Task directions ▸
Skip every image and restate the data word for word.

* * * * *

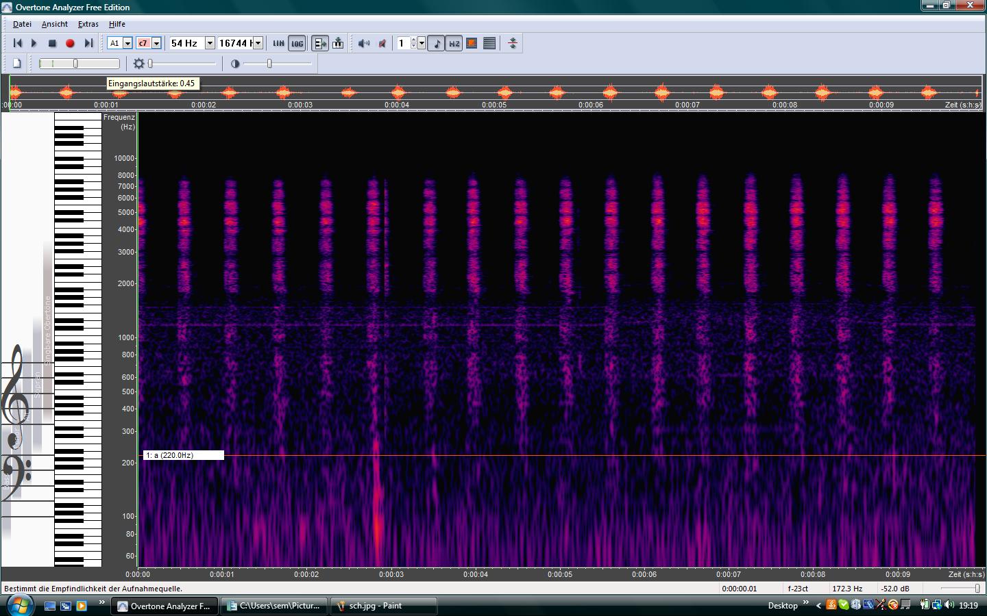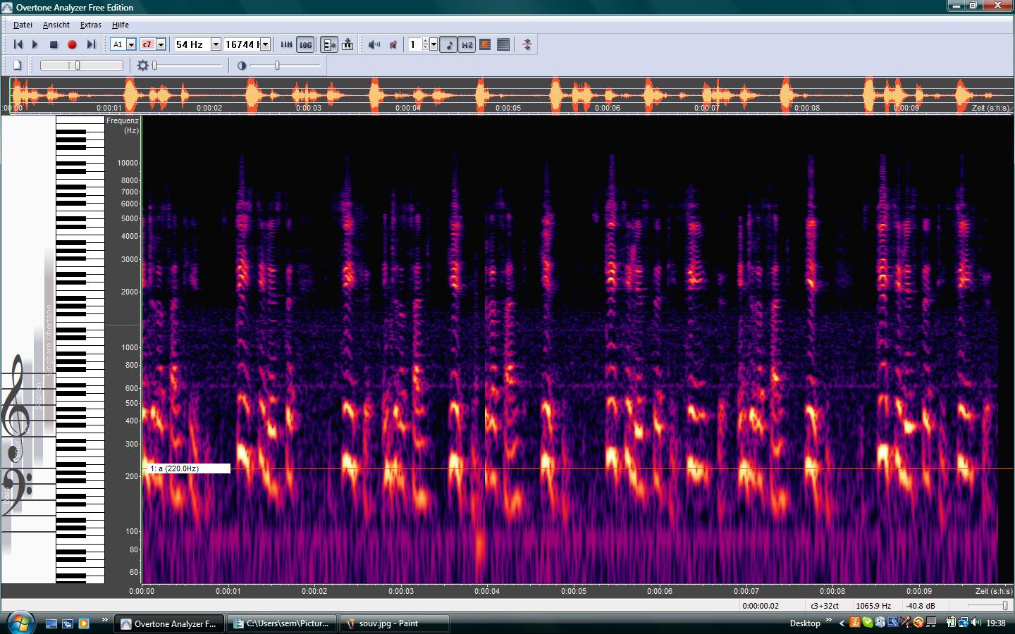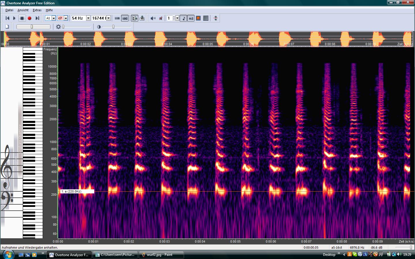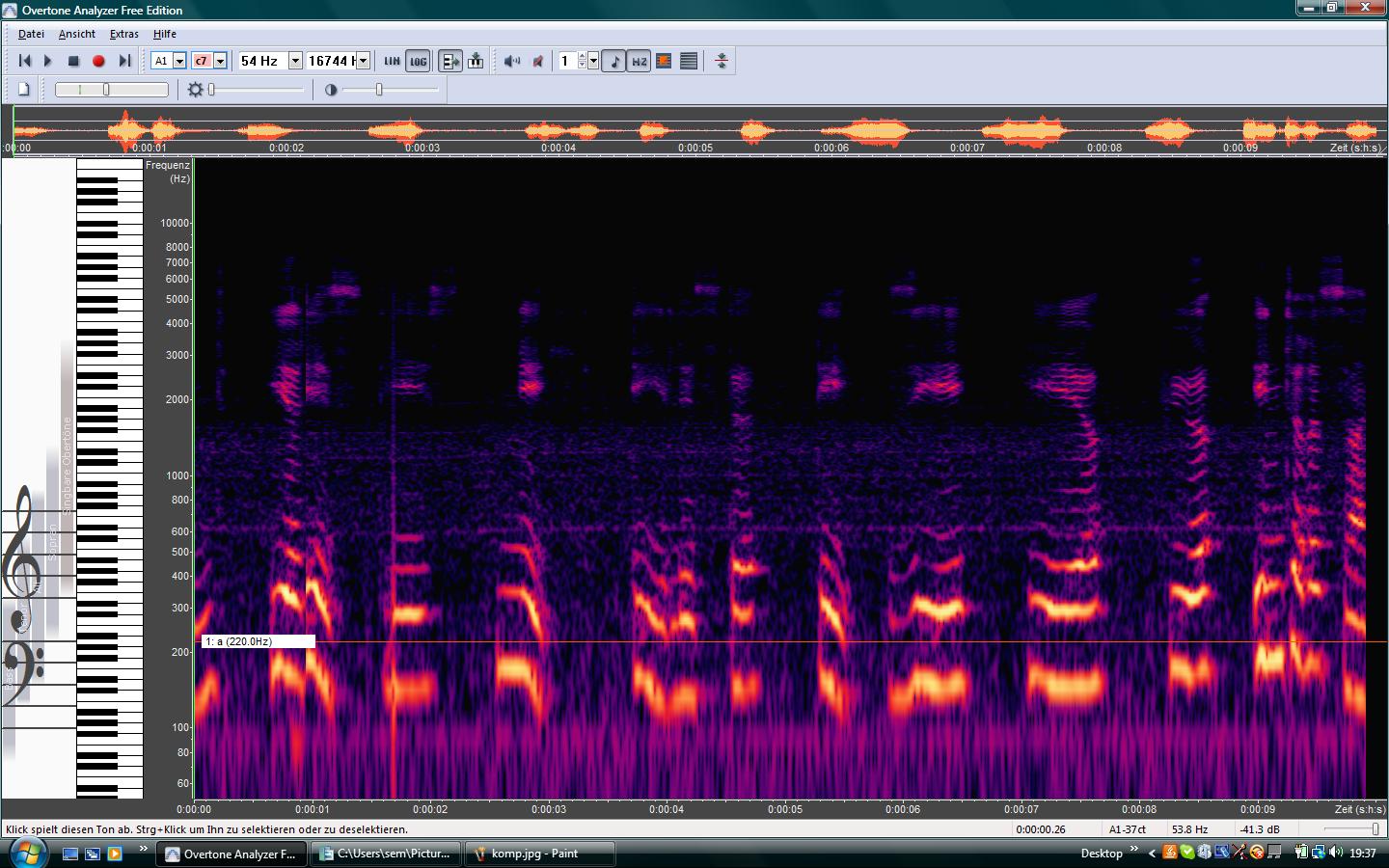 Die Tonqualität ist erkennbar an der Frequenz-Skala. Um so mehr gelb zu sehen ist um so voller und SCHÖNER klingt Ihr Sprechton für den Zuhörer. Die Klangfarbe der Eigenwahrnehmung ist dann sehr nahe an dem Klangerlebnis, das Sie dem Zuhörer bieten. Sie sollten diese Übungen laut trainieren damit sich die Klangtechnik entwickeln kann.
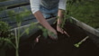 MS Kvinna plantera krukväxt i trädgårdsjord av upphöjd säng - 4K Bildbanksvideo
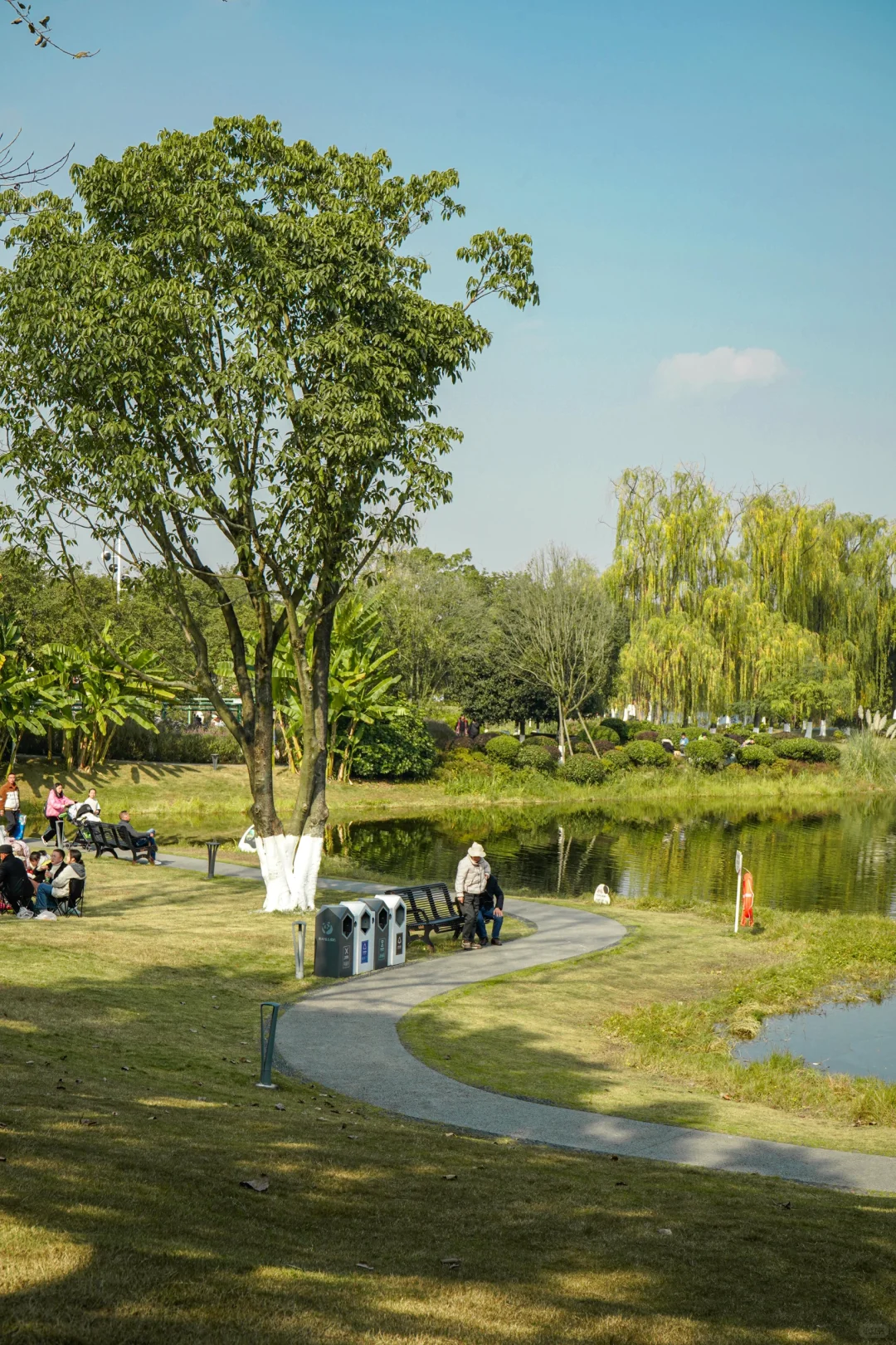 集水、鸟、竹文化一体的生态湖区,依北湖而建,大部分好看的景点都是在湖边
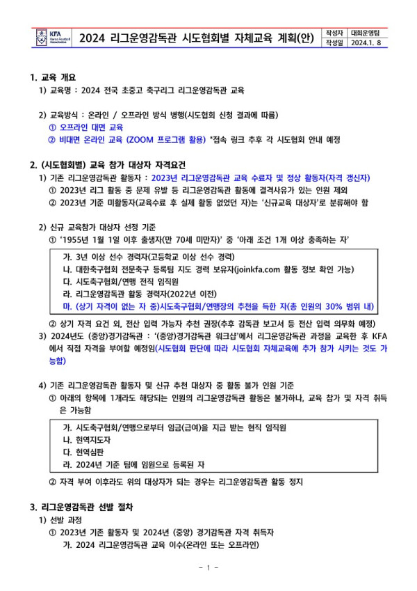 - 공문2024년 리그운영감독관 교육 계획 안내.pdf (3.0M) 19회 다운로드 | DATE : 2024-01-09 14:03:19
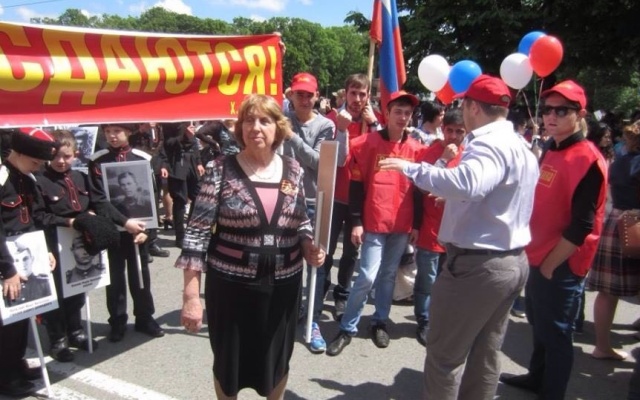 К многолюдной колонне молодых партийцев примкнула колонна регионального отделения "Союза казаков России", их объединял транспарант со словами адыгейского журналиста, Героя Советского Союза Хусена Борежевича Андрухаева - "Русские не сдаются".

* * * * *

Task solution ▸
 Die Tonqualität ist erkennbar an der Frequenz-Skala. Um so mehr gelb zu sehen ist um so voller und SCHÖNER klingt Ihr Sprechton für den Zuhörer. Die Klangfarbe der Eigenwahrnehmung ist dann sehr nahe an dem Klangerlebnis, das Sie dem Zuhörer bieten. Sie sollten diese Übungen laut trainieren damit sich die Klangtechnik entwickeln kann.
 MS Kvinna plantera krukväxt i trädgårdsjord av upphöjd säng - 4K Bildbanksvideo
 集水、鸟、竹文化一体的生态湖区,依北湖而建,大部分好看的景点都是在湖边
 - 공문2024년 리그운영감독관 교육 계획 안내.pdf (3.0M) 19회 다운로드 | DATE : 2024-01-09 14:03:19
 К многолюдной колонне молодых партийцев примкнула колонна регионального отделения "Союза казаков России", их объединял транспарант со словами адыгейского журналиста, Героя Советского Союза Хусена Борежевича Андрухаева - "Русские не сдаются".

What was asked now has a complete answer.